Выбрать главу

— Поспокойнее. Дыши. Время есть. Поспокойнее. Просто дыши, и все. — А потом расслышал и голос фотографа: — Что? Что такое? Что с вами? — И, все еще не придя в себя, услышал свой голос: — Ничего. Померещилось. — Это все духота! — говорил фотограф, — Вспышки греются. Надо на улицу! Я провожу вас! Идти сумеете? Вам бы врачу показаться! — Тут нет врачей. — Он снова услыхал свой голос: — Найдешь меня в гостинице. Фрей прилетит в субботу. Заканчивай этот чертов цирк!

VI

Ночью сквозь сон он услышал, что телевизор работает.

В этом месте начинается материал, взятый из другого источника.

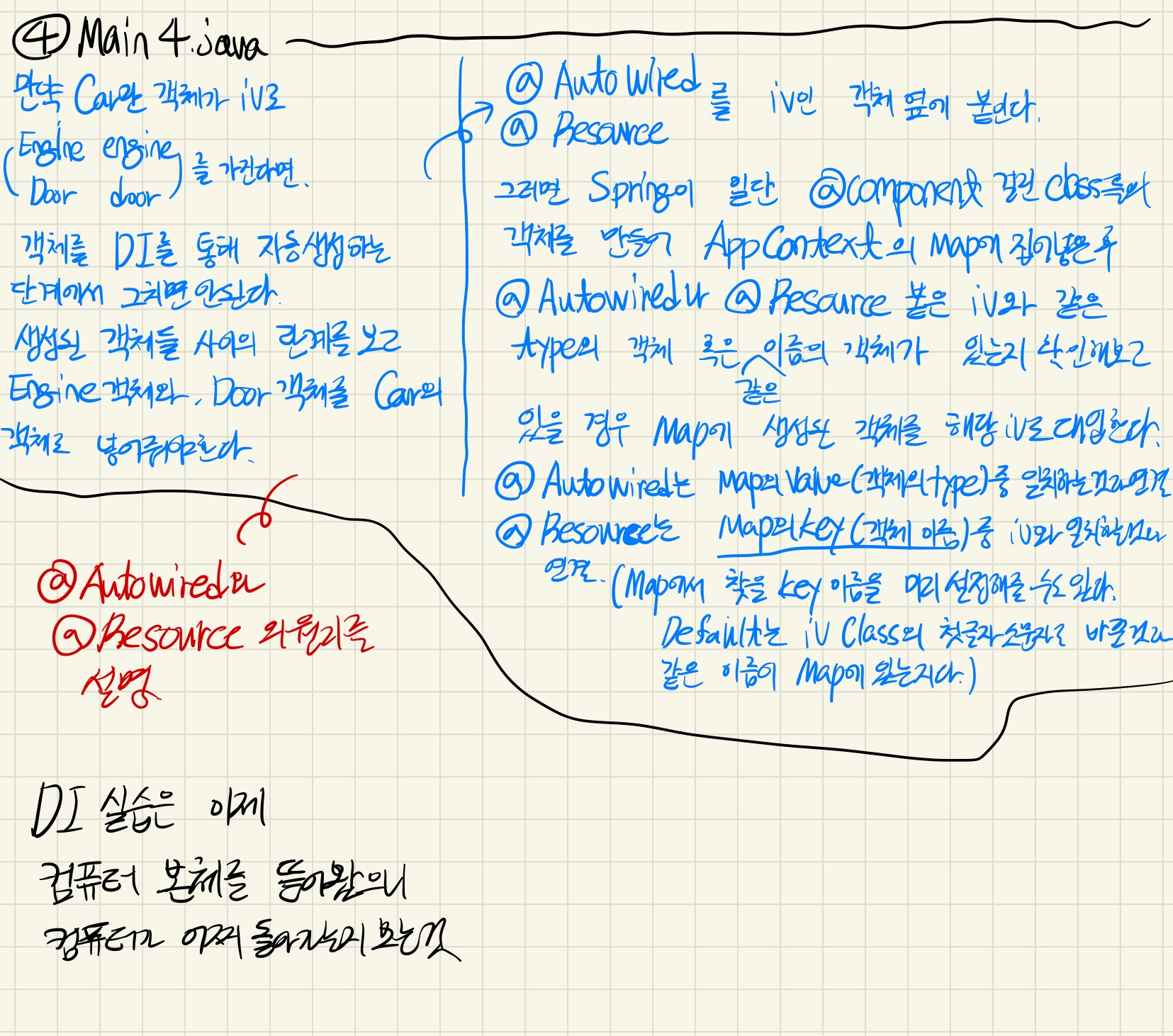 Class์ iv์ ๋ง๋ ๊ฐ์ฒด๋ฅผ ์ฐ๊ฒฐ์์ผ ์ฃผ๋ @AutoWired ์ด๊ณ , ๋ค๋ฅธ ํ๋๋ Map์์ Name (๊ฐ์ฒด ์ด๋ฆ)์ผ๋ก ์ฐพ๋ @Resource๊ฐ ์๋ค.

Он сел на постели, не протрезвевший, с полузакрытыми глазами, нашарил ногами шлепанцы, поднялся и прошел к балкону, пытаясь попасть в рукава халата, Вызвездило; но край неба светлел, и по-утреннему, в вполнакала, горели фонари вдоль площади. Розенберг постоял в дверях, чувствуя, как знобкий ночной воздух взбирается к груди и животу; вернулся, залпом выпил бутылку воды из бара и забрался в постель. Он не напивался допьяна последние лет десять; алкоголя хватало на забытье до полуночи, и тогда он засыпал лишь под утро. Телевизор он не выключил. Снова проснулся, когда рассвело, еще в похмельной одури, пролежал с полчаса, не шевелясь, без мыслей, прислушиваясь к телу, как к на миг беспричинно разладившемуся механизму. Потом перестал. По крайней мере, теперь, он был свободен.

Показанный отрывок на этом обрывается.